Régis Debray went into exile in Chile after three years in a Bolivian prison and met with Salvador Allende. By 1971, Che Guevara had been dead for three years and Allende had been in power for four months. The French intellectual, one of the most visible theorists of the guerrilla focus after the Argentine revolutionary, had just been pardoned for participating in the failed guerrilla that Guevara wanted to raise in southern Bolivia when he visited the president. “With you, the Chilean people have chosen the path of revolution, but what is revolution?” Debray asked him, and he answered himself: “The revolution is the substitution of the power of one class for another. It is the destruction of the bourgeois state apparatus, and nothing of the sort has happened here ”. Allende defended himself. For him, another type of revolution was possible and that the overshooting of the capitalist system could come by reforming the Constitution. They were comrades, but Debray’s belligerent tone revealed the rift between the panacea of the Cuban revolution and the electoral route that the Chilean president, assassinated in 1973, briefly inaugurated.

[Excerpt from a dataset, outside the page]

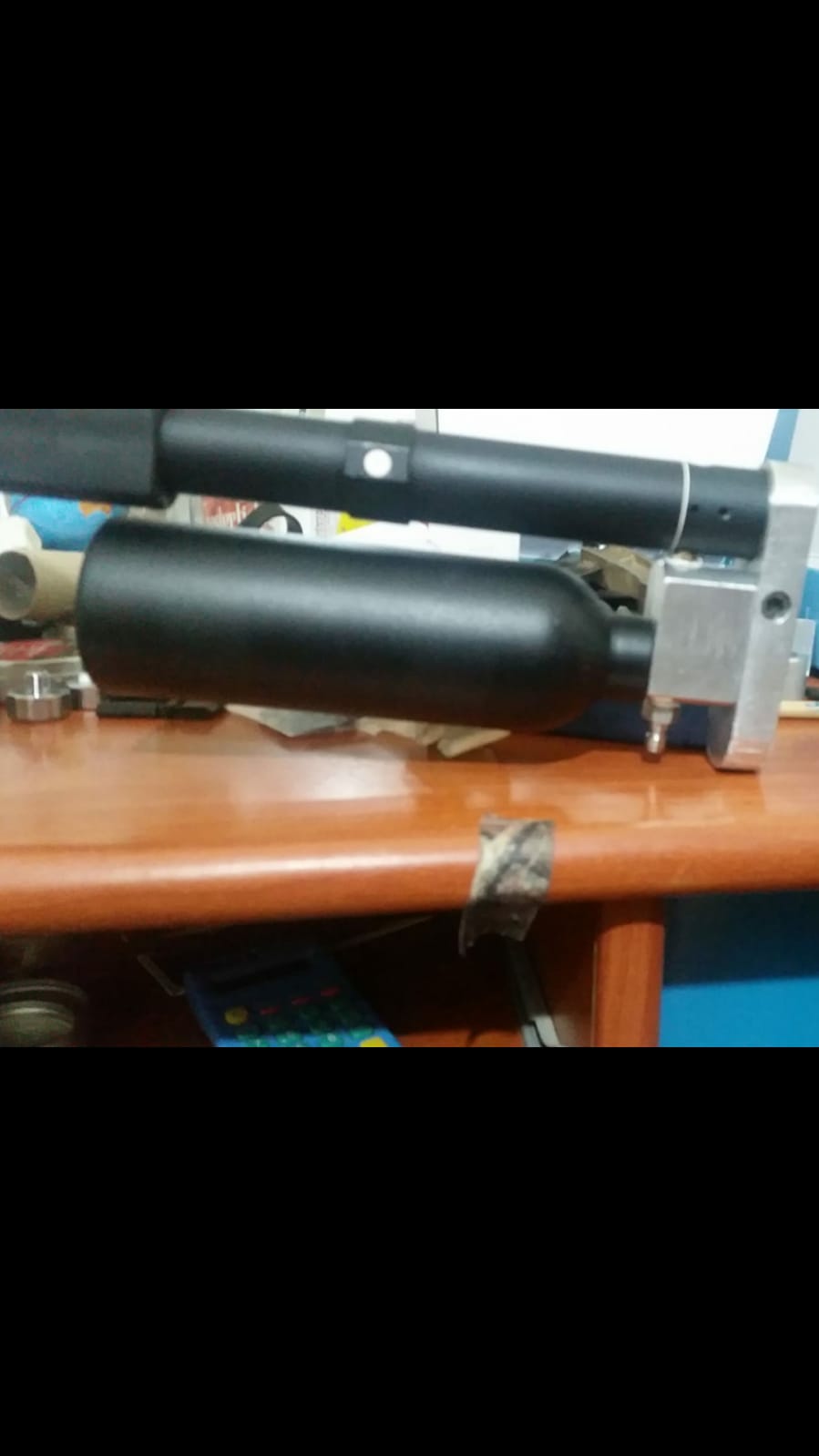 Te quedo muy bien . Podrías explicarnos como has hecho el brico , que botella , con qué regulador , que pieza utilizaste para unir el regulador a la pistola , bípode , silenciador y si la has probado en serio como va ? Perdona por tanta pregunta , pero tengo curiosidad . Gracias de antemano compañero.

The historian Rafael Rojas (Santa Clara, 56 years old) remembers the interview as an example of the multiple perspectives on the concept of Revolution in 20th century Latin America. Few words had been as used as misunderstood in the region. Given this, in The tree of revolutions (Turner, 2021), the author of some twenty books on Latin American history traces paths that diverge between the nationalisms of the late nineteenth century, agrarianism, progressive militarism and guerrilla organizations in the time line of three essential revolutions: the Mexican, that of Fidel Castro in Cuba and the Sandinista in Nicaragua. “The expansion of the revolutionary ideal in Latin America has to do with the heterogeneity of the ideas and practices of the left,” says Rojas in an interview with EL PAÍS. “The richness of his legacy is in the diversity, and not in the persistent homogenization in which Allende and Guevara are put on the same level, when they had such different projects.”
Rojas poses revolutions as a paradox that challenges modern thought: if revolution accelerates change, it also accentuates aspects of the old regime. “To speak of a revolutionary tradition implies agreeing that it was not linear or homogeneous,” writes the historian, and takes the concept for a walk. If 19th century liberalism posed the Revolution as an ephemeral revolt to reform the State, the landing in the Sierra Maestra raised it as a modern political metaphor: it is already an “autonomous agent”, a “historical necessity”. “The concept of Revolution in Cuba has a degree of metaphorization that we have not seen in any other,” says Rojas. “The word revolution is synonymous with the State, the Government, the country itself. The official discourse is still understood as a revolution today, 63 years after the triumph ”.
The Cuban Revolution is still the symbolic storehouse of a tradition, but its method was not totemic. “The idea that the Cuban revolution exports the guerrilla model is increasingly questioned by the new historiography because we also saw many urban guerrillas very different from that of Guevara,” says Rojas, who also recalls that the transition to communism on the island took place. it went hand in hand with Allende’s election in Chile –and the inauguration of an electoral path towards a socialist project– and progressive militarism in Los Andes.
“The two great revolutions, the Cuban and the Mexican, have very different forces of radiation,” says the historian. The agrarian reform was an apex that shaped the two great revolutions that occurred between the fall of Nazism and the Cold War: Bolivia and Guatemala. For this reason, in one part, Rojas defines them as daughters of the Mexican Revolution, although the constitutions of both countries after the revolt opted for multi-partyism and elections. “They should be studied as part of the consolidation of a non-communist left in Latin America,” says Rojas, who recalls that while Jacobo Árbenz’s Guatemala expressly prohibited “caudillos”, Víctor Paz Estenssoro’s Bolivia ended up subduing almost a third of its budget to the economic aid of the United States.
After the end of almost two decades of hegemony of a certain socialism and before the rise of a radical right in the region, Rojas sees “an abuse of the value and symbols of the revolution” in which “the left took advantage of its symbolism without being really revolutionary and the right recapitalized the anti-communism of the Cold War without those left really being socialists or communists ”. The historian ironically acknowledges that he believed that the polysemy around the Revolution had been saturated in that speech, until the 2018 protests broke out in Nicaragua, and those of last July in Cuba.
“These protests have given it a twist and a reappropriation of revolutionary mythology,” he says. “I have been surprised to see groups of young people who return to a somewhat romantic idea of the insurrections of the 1950s against the Batista dictatorship. The same in Nicaragua. There are many young people who identify Ortega with Somoza, and not a few young Cubans who observe more analogies between the government of Díaz-Canel and Batista than anything else ”.